Preventing Medical Mix Ups And Drug Interactions

Medical mix ups and drug interactions can this happen to you?Every month, the Food and Drug Administration gets an average of 75 reports of side effects and drug interactions caused by medical mix-ups. The number is relatively small when compared to the number of medications that are being prescribed and bought from pharmacies on a daily basis, but the statistic does not quite represent just how likely it is for someone to make a mistake in purchasing their medication. Somewhere along the three-way chain consisting of the doctor, the pharmacist, and the patient, a little miscommunication can result in someone buying the wrong medication creating a medical mix up. It isn't at all unusual for someone who was prescribed Allegra, an anti-allergen, to end up being given Viagra by the pharmacist due to bad handwriting on the prescription.

In most cases, medical mix ups of this variety can have mildly unpleasant effects on the body. There are very few cases where the side effects of mistakenly taking the wrong medication end up in the hospital, but it does happen. It can sometimes get worse in those rare instances when drug interactions occur between a drug that was purchased correctly and one that was bought by mistake. It isn't a clear and present risk whenever someone gets a prescription and asks a pharmacist to fill it out, considering how rare it is, but it doesn't take a near-fatal case of drug interactions to make incorrect medication creating a medical mix up and a serious problem.
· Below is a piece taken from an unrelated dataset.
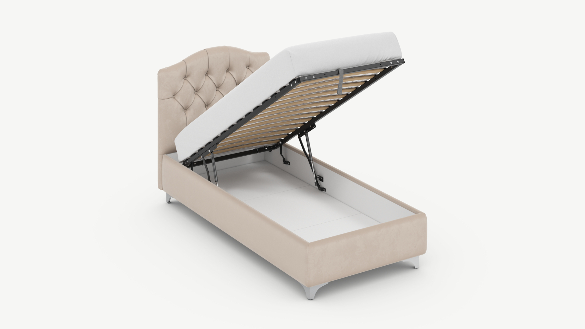 • Скрытая под основанием вместительная емкость без внутренних перегородок позволяет использовать всю площадь подкроватного пространства для хранения вещей.
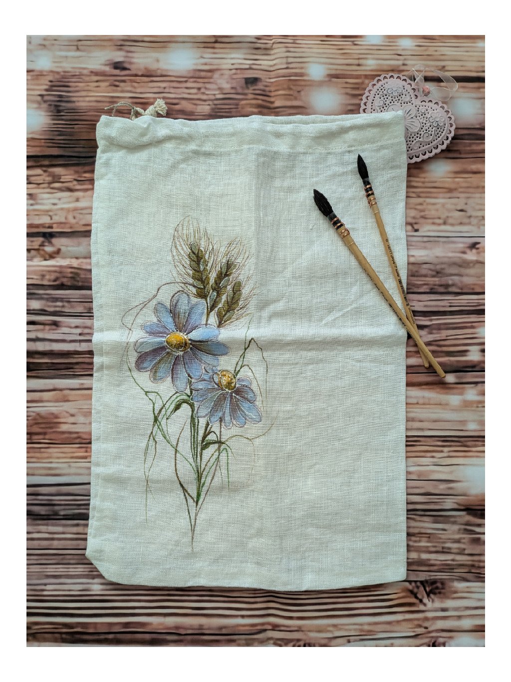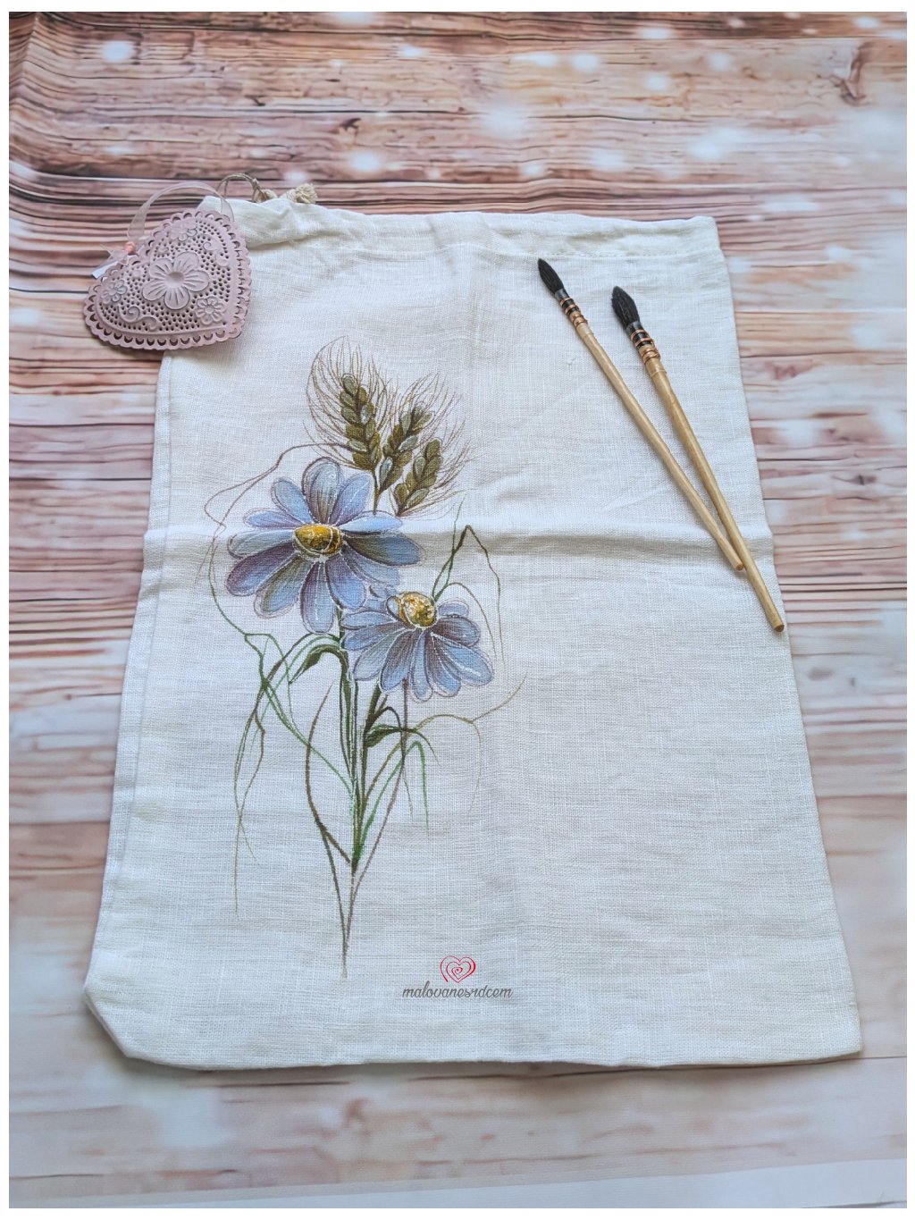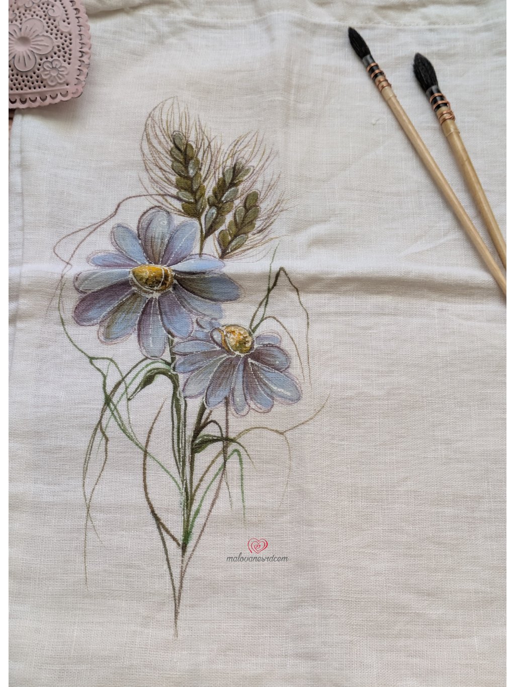 K malbě jsem použila francouzské barvy na textil a namalovala s velkou pečlivostí. Malba je tepelně zafixována.

One of the main problems would be just how similar the names of various medications are. The aforementioned example involving Allegra and Viagra can easily happen, though people would probably be able to spot the mistake rather quickly. Another case involves Desogen, which is used as a contraceptive, and Desowen, a steroidal cream. These two only have a single letter differentiating one from the other, so it isn't that hard to imagine anyone being unable to make the distinction without actually seeing the name written down by a doctor. That is, unless the doctor's handwriting looks more like the Greek or Russian alphabet than anything that the average patient would be able to read.

Many patients, and not a few pharmacists, have encountered situations where the handwriting on the prescription is almost impossible to decipher. Being unable to read what is written on the prescription means that the pharmacist – and the patient, in some cases – would have to do a little guesswork to figure out what needs to be given. Unfortunately, when combining this situation with the fact that drugs tend to be named similarly to one another, this makes it a rather simple matter for both the pharmacy and the patient to make a mistake. This can be particularly true if the patient has no idea what the drug is for, or what it is supposed to actually do. Doctors ought to be able to write clearer prescriptions, but some people – not just doctors – naturally have horrid penmanship.

Preventing medical mix ups, along with the inconveniences and drug interactions that might crop up because of it, ought to be a responsibility for every patient. People should know what drugs are called, so they would know whether or not the pharmacist deciphered the doctor's handwriting correctly. They should also know the look of their drugs, the expected side effects, and the dosages that they come in. Any of these bits of information can help a pharmacist make sure the patient is getting the right medication.